WHAT NEEDS TO BE DONE: For the listing below, return the line containing "현대차는 이틀간 6%와", the line containing "ゴム底モカシン ファッションカジュアル ビジネスシューズ", and all lines in between, exactly as written and nothing else.

DATA EXTRACT:
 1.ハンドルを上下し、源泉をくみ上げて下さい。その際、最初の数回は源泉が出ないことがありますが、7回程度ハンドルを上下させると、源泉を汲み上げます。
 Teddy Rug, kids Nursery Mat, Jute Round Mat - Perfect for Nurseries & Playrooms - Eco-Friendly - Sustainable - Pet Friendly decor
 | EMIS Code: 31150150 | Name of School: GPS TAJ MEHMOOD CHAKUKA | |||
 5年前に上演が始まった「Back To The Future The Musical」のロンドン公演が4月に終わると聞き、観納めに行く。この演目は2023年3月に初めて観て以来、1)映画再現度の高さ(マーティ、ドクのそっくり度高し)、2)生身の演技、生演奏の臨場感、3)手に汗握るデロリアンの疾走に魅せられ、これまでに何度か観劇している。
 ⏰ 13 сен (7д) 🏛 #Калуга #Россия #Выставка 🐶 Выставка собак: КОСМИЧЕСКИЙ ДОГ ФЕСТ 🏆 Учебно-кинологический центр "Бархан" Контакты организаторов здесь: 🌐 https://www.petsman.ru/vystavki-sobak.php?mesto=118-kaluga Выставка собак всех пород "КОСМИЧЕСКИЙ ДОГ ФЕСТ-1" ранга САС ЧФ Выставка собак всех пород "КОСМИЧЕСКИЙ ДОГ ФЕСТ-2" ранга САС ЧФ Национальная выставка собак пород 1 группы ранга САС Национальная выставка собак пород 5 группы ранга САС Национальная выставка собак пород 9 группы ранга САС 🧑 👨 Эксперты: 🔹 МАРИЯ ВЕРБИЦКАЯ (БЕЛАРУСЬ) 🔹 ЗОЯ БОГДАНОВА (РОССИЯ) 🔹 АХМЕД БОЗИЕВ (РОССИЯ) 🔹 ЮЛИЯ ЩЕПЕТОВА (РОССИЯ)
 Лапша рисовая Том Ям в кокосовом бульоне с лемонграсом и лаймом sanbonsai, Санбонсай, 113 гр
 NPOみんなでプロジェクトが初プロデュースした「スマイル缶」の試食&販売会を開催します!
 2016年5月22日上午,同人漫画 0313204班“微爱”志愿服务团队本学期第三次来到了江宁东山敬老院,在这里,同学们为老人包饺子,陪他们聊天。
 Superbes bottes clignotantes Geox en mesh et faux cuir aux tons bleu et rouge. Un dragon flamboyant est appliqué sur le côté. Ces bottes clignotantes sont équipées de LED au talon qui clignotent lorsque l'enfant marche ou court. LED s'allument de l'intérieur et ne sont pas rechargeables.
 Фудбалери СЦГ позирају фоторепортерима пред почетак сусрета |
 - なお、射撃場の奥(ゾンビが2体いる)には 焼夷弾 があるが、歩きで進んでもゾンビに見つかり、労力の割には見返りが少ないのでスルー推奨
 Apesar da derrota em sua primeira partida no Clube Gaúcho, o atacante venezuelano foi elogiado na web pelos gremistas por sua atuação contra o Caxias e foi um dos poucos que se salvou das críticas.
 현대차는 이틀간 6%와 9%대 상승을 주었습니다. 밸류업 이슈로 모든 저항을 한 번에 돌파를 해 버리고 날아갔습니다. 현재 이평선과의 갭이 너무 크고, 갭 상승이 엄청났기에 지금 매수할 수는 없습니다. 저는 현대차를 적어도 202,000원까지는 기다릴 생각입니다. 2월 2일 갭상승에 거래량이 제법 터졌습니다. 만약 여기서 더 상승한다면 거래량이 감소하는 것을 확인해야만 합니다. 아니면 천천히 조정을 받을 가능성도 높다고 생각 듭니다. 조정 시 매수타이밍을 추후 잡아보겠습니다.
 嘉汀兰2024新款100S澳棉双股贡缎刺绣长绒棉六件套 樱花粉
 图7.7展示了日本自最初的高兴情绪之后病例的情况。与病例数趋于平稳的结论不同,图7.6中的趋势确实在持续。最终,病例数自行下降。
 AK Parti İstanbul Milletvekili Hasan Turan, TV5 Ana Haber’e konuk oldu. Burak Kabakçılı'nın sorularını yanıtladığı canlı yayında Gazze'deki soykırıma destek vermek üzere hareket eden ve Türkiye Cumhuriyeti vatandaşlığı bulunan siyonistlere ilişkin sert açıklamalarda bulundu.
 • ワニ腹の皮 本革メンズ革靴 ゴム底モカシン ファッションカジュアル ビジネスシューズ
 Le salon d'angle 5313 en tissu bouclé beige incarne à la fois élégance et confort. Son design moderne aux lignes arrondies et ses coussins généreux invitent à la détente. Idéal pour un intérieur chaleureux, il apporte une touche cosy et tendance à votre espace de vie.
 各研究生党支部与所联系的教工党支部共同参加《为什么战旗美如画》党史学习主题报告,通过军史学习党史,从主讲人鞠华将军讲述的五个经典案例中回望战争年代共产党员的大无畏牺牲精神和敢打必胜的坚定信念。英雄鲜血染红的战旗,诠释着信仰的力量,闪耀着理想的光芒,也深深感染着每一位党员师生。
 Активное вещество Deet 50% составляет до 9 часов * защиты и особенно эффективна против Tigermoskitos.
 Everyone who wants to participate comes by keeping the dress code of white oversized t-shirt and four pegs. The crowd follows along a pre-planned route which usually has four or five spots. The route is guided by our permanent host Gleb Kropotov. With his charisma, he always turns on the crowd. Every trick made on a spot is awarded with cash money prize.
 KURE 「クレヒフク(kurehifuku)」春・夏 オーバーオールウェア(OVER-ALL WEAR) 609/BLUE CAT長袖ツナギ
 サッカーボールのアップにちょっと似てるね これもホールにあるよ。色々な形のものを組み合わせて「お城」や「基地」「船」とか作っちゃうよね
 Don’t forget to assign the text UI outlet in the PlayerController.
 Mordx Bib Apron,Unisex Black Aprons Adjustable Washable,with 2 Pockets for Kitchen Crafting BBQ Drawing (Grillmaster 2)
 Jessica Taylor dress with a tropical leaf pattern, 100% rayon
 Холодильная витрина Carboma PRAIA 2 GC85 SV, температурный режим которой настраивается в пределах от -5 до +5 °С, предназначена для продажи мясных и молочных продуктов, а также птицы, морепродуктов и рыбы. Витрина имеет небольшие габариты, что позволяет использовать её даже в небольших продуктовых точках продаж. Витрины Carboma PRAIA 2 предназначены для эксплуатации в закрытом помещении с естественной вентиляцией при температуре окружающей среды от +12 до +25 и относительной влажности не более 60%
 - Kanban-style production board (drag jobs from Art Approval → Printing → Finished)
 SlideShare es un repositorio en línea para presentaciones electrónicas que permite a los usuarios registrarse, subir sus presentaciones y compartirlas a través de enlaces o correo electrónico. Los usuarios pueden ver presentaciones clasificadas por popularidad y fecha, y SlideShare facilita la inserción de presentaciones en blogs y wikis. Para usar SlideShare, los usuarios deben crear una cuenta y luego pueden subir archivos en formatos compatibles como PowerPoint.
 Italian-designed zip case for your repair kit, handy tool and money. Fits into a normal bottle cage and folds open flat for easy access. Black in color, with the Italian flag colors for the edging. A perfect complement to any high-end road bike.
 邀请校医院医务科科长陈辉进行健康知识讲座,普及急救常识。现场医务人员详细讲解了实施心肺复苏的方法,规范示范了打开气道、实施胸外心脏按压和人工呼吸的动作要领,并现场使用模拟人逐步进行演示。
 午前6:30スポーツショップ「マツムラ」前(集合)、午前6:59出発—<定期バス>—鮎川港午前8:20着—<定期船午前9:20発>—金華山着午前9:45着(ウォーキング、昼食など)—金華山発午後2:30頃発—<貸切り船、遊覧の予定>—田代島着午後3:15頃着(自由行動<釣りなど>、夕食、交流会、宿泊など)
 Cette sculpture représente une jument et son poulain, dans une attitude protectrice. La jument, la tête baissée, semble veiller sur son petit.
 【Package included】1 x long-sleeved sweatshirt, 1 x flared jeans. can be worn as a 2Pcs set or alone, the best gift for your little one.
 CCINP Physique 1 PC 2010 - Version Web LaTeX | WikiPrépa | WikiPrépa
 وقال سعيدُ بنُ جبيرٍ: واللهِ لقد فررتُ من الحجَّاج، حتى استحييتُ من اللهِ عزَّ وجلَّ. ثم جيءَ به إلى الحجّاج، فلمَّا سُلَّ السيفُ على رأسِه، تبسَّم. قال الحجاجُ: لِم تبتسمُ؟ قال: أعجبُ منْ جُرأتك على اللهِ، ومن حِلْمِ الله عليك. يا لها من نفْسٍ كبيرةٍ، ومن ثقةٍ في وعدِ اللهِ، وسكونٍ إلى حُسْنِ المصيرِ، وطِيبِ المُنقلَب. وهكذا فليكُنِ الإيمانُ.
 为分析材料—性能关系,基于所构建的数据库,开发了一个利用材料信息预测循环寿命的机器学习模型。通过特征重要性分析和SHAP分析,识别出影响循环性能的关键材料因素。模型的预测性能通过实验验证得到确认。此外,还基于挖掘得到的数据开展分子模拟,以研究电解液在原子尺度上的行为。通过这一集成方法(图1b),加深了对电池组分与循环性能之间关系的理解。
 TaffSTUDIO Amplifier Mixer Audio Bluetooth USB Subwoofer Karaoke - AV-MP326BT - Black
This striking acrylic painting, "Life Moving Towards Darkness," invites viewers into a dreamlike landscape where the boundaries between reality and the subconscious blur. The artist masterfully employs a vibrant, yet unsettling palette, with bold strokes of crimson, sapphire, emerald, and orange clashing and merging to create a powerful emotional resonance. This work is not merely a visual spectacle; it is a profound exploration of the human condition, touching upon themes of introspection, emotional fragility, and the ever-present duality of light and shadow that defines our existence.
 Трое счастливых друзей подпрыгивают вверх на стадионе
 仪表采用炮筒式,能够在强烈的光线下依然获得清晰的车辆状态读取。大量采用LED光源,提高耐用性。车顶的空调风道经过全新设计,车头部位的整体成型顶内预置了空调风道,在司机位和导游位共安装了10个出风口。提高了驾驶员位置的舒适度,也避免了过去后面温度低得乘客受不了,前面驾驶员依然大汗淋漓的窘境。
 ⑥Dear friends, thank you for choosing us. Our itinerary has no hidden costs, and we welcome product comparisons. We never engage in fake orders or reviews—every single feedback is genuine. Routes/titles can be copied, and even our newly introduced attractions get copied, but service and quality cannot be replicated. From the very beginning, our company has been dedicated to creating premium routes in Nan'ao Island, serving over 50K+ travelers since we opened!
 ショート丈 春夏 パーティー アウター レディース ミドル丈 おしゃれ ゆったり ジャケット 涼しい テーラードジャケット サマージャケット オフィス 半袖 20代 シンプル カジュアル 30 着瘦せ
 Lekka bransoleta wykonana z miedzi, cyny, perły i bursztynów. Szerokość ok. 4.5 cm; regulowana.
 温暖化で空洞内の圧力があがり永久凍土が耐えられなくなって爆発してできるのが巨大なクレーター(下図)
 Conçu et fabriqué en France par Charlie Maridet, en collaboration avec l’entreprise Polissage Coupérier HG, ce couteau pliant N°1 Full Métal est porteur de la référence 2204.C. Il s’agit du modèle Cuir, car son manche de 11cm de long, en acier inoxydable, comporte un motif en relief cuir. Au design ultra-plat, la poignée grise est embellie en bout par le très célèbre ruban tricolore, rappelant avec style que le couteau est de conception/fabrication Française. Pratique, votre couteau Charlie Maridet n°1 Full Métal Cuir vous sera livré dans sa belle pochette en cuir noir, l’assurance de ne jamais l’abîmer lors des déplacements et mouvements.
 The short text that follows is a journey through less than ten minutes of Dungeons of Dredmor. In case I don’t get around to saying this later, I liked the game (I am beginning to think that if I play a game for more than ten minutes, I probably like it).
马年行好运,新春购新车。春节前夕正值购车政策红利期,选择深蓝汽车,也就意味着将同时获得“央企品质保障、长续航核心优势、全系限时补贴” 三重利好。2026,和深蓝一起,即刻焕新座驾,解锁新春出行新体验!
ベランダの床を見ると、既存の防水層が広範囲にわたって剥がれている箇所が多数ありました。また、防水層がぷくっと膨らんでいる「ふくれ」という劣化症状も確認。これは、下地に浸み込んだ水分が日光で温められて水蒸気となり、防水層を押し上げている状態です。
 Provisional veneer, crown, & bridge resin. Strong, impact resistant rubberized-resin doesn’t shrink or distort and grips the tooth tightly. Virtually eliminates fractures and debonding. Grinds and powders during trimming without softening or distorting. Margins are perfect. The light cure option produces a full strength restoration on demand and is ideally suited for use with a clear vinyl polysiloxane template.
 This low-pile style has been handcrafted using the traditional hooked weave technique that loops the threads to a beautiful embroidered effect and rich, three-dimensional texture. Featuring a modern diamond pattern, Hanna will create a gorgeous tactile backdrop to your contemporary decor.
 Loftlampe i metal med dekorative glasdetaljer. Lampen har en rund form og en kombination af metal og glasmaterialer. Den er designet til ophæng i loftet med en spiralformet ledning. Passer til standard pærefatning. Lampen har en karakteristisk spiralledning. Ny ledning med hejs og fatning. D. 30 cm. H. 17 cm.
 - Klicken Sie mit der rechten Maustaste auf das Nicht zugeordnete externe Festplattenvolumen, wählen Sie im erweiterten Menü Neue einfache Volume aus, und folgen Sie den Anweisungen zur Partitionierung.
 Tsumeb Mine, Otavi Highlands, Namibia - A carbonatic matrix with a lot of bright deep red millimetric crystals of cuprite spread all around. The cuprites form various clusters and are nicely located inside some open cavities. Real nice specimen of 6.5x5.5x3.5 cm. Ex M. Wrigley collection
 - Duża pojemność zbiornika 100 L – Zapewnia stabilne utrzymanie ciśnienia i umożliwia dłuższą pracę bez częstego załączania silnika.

THE COMPLETED TASK:
 현대차는 이틀간 6%와 9%대 상승을 주었습니다. 밸류업 이슈로 모든 저항을 한 번에 돌파를 해 버리고 날아갔습니다. 현재 이평선과의 갭이 너무 크고, 갭 상승이 엄청났기에 지금 매수할 수는 없습니다. 저는 현대차를 적어도 202,000원까지는 기다릴 생각입니다. 2월 2일 갭상승에 거래량이 제법 터졌습니다. 만약 여기서 더 상승한다면 거래량이 감소하는 것을 확인해야만 합니다. 아니면 천천히 조정을 받을 가능성도 높다고 생각 듭니다. 조정 시 매수타이밍을 추후 잡아보겠습니다.
 嘉汀兰2024新款100S澳棉双股贡缎刺绣长绒棉六件套 樱花粉
 图7.7展示了日本自最初的高兴情绪之后病例的情况。与病例数趋于平稳的结论不同,图7.6中的趋势确实在持续。最终,病例数自行下降。
 AK Parti İstanbul Milletvekili Hasan Turan, TV5 Ana Haber’e konuk oldu. Burak Kabakçılı'nın sorularını yanıtladığı canlı yayında Gazze'deki soykırıma destek vermek üzere hareket eden ve Türkiye Cumhuriyeti vatandaşlığı bulunan siyonistlere ilişkin sert açıklamalarda bulundu.
 • ワニ腹の皮 本革メンズ革靴 ゴム底モカシン ファッションカジュアル ビジネスシューズ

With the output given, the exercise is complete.